What needs to be done ::
Leaving out the pictures, copy each record below exactly.

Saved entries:
_ _ _ _
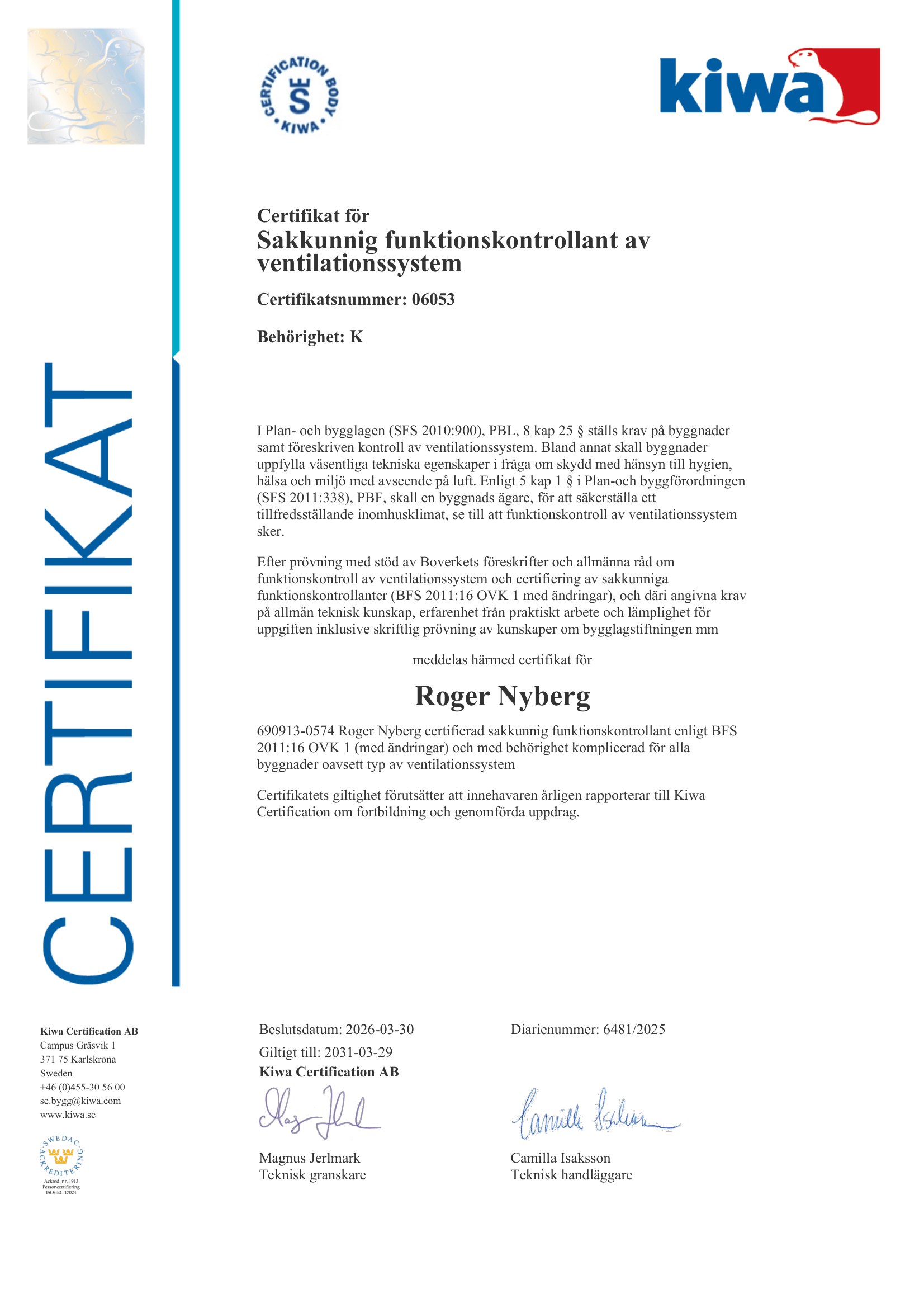 Roger har enligt de gällande krav förnyat sin OVK-certifiering och utfört kunskapsprov med väl godkända resultat. OVK-kontroller är en stor del av vårt arbete och vi är stolta att kunna uppvisa diplom och certifikat.
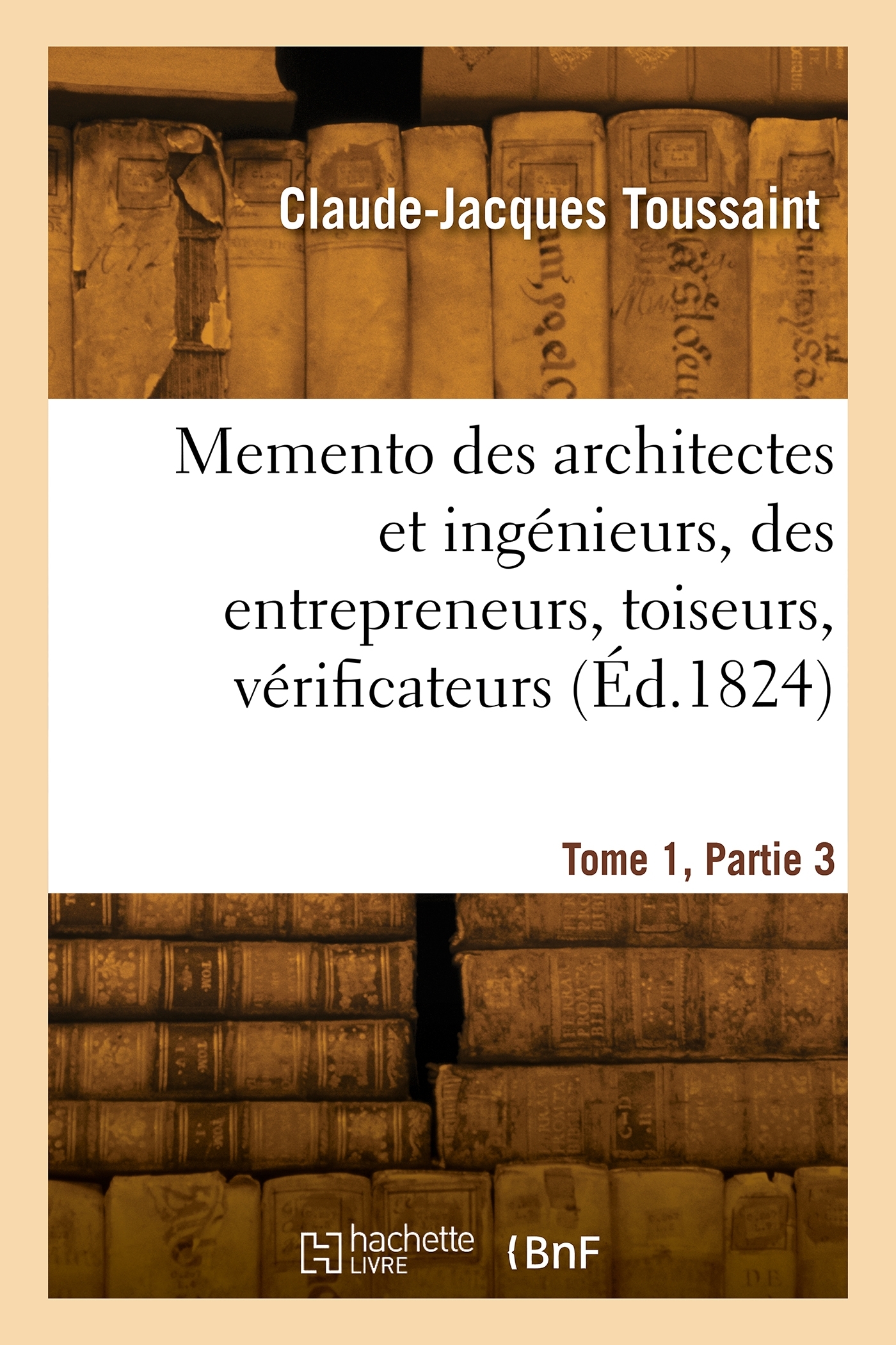 Memento des architectes et ingénieurs, des entrepreneurs, toiseurs, vérificateurs et des personnes qui font bâtir.... Tome 1,Partie 3 / . Par C.-J. Toussaint,... Tome premier. Première partie. [-tome troisième]Date de l'édition originale : 1824-1838Le présent ouvrage s'inscrit dans une politique de conservation patrimoniale des ouvrages de la littérature Française mise en place avec la BNF. HACHETTE LIVRE et la BNF proposent ainsi un catalogue de titres indisponibles, la BNF ayant numérisé ces oeuvres et HACHETTE LIVRE les imprimant à la demande. Certains de ces ouvrages reflètent des courants de pensée caractéristiques de leur époque, mais qui seraient aujourd'hui jugés condamnables. Ils n'en appartiennent pas moins à l'histoire des idées en France et sont susceptibles de présenter un intérêt scientifique ou historique. Le sens de notre démarche éditoriale consiste ainsi à permettre l'accès à ces oeuvres sans pour autant que nous en cautionnions en aucune façon le contenu. Pour plus d'informations, rendez-vous sur www.hachettebnf.fr
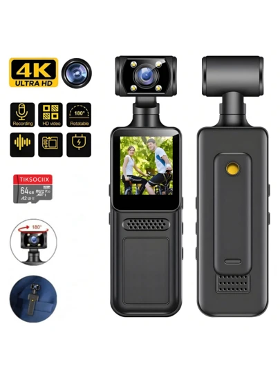 4K 口袋运动相机,1080P 高清可穿戴摄像机,配备 4K 屏幕、WiFi、录音机、USB 充电、180° 旋转、手持稳定器、夜视,适用于生活记录、旅行、视频博客、直播和户外探险 - 送给情侣、返校或复活节的绝佳礼物 - 彩色 - 查看 12
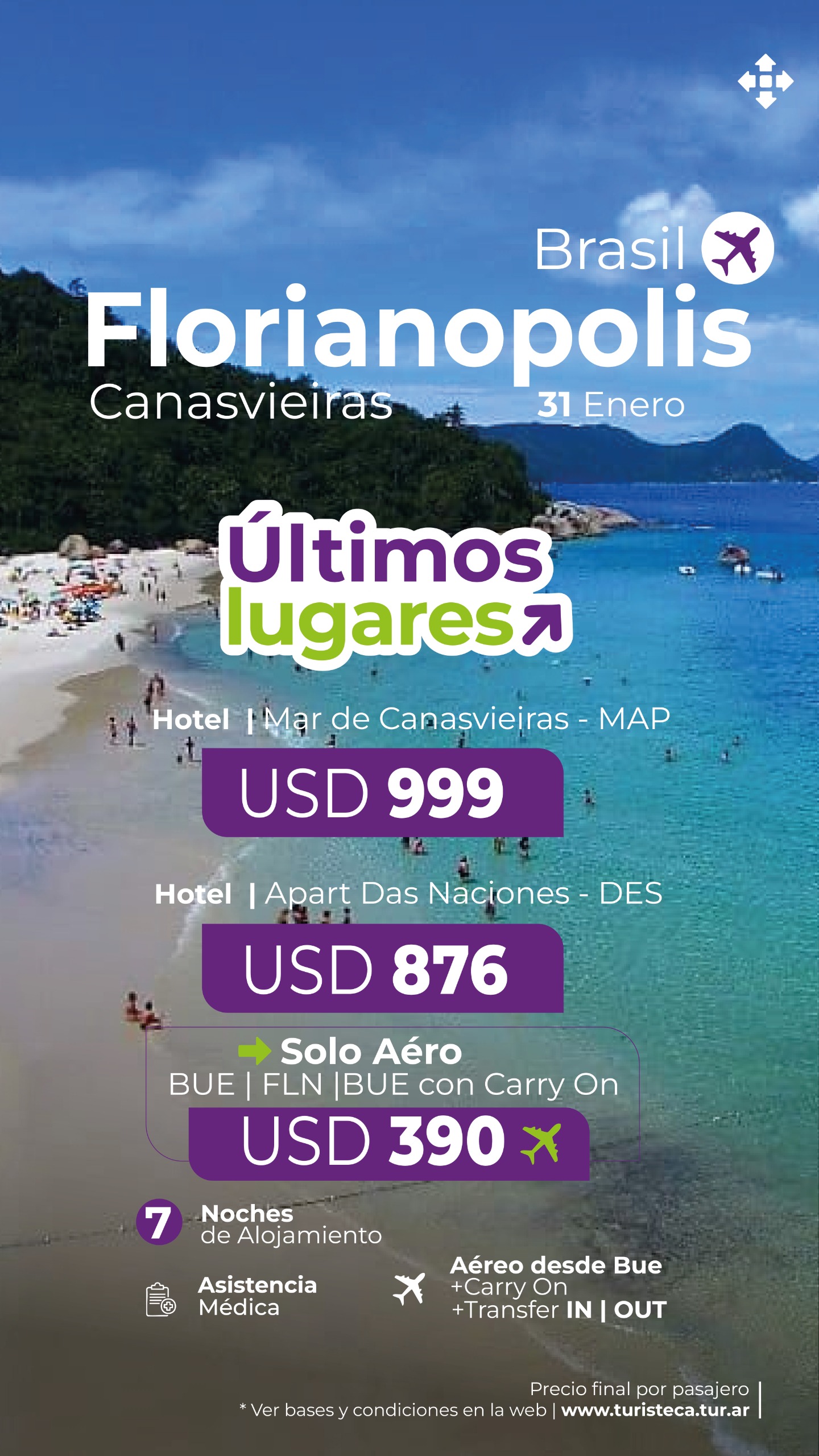 TODAS LAS TARIFAS SON POR PERSONA, BASE DOBLE (SALVO ACLARACIÓN EN CONTRARIO) Y SUJETAS A CAMBIOS SIN PREVIO AVISO.
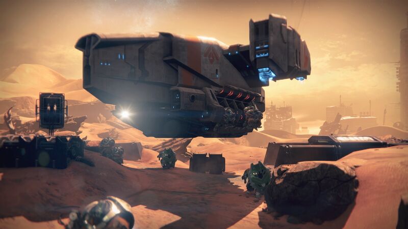 This image is a screenshot of a vehicle from the Destiny series of first-person shooter video games developed by Bungie Studios and published by Bungie or Activision. It falls under the screenshot category for a copyrighted computer game or video game, and the copyright for it is most likely held by the company that developed the game. It is believed that the use of a limited number of web-resolution screenshots:
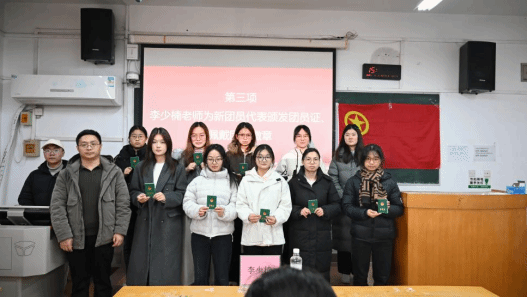 入团仪式在庄严肃穆的国歌声中拉开帷幕。主持人魏豫婧说明举行入团仪式的意义,宣读新团员名单。李少楠向新团员代表颁发团员证和团员徽章。随后,新团员在优秀团员代表王淑琪带领下,面向团旗进行入团宣誓。
_ _ _ _
Response for this exercise ::
 Roger har enligt de gällande krav förnyat sin OVK-certifiering och utfört kunskapsprov med väl godkända resultat. OVK-kontroller är en stor del av vårt arbete och vi är stolta att kunna uppvisa diplom och certifikat.
 Memento des architectes et ingénieurs, des entrepreneurs, toiseurs, vérificateurs et des personnes qui font bâtir.... Tome 1,Partie 3 / . Par C.-J. Toussaint,... Tome premier. Première partie. [-tome troisième]Date de l'édition originale : 1824-1838Le présent ouvrage s'inscrit dans une politique de conservation patrimoniale des ouvrages de la littérature Française mise en place avec la BNF. HACHETTE LIVRE et la BNF proposent ainsi un catalogue de titres indisponibles, la BNF ayant numérisé ces oeuvres et HACHETTE LIVRE les imprimant à la demande. Certains de ces ouvrages reflètent des courants de pensée caractéristiques de leur époque, mais qui seraient aujourd'hui jugés condamnables. Ils n'en appartiennent pas moins à l'histoire des idées en France et sont susceptibles de présenter un intérêt scientifique ou historique. Le sens de notre démarche éditoriale consiste ainsi à permettre l'accès à ces oeuvres sans pour autant que nous en cautionnions en aucune façon le contenu. Pour plus d'informations, rendez-vous sur www.hachettebnf.fr
 4K 口袋运动相机,1080P 高清可穿戴摄像机,配备 4K 屏幕、WiFi、录音机、USB 充电、180° 旋转、手持稳定器、夜视,适用于生活记录、旅行、视频博客、直播和户外探险 - 送给情侣、返校或复活节的绝佳礼物 - 彩色 - 查看 12
 TODAS LAS TARIFAS SON POR PERSONA, BASE DOBLE (SALVO ACLARACIÓN EN CONTRARIO) Y SUJETAS A CAMBIOS SIN PREVIO AVISO.
 This image is a screenshot of a vehicle from the Destiny series of first-person shooter video games developed by Bungie Studios and published by Bungie or Activision. It falls under the screenshot category for a copyrighted computer game or video game, and the copyright for it is most likely held by the company that developed the game. It is believed that the use of a limited number of web-resolution screenshots:
 入团仪式在庄严肃穆的国歌声中拉开帷幕。主持人魏豫婧说明举行入团仪式的意义,宣读新团员名单。李少楠向新团员代表颁发团员证和团员徽章。随后,新团员在优秀团员代表王淑琪带领下,面向团旗进行入团宣誓。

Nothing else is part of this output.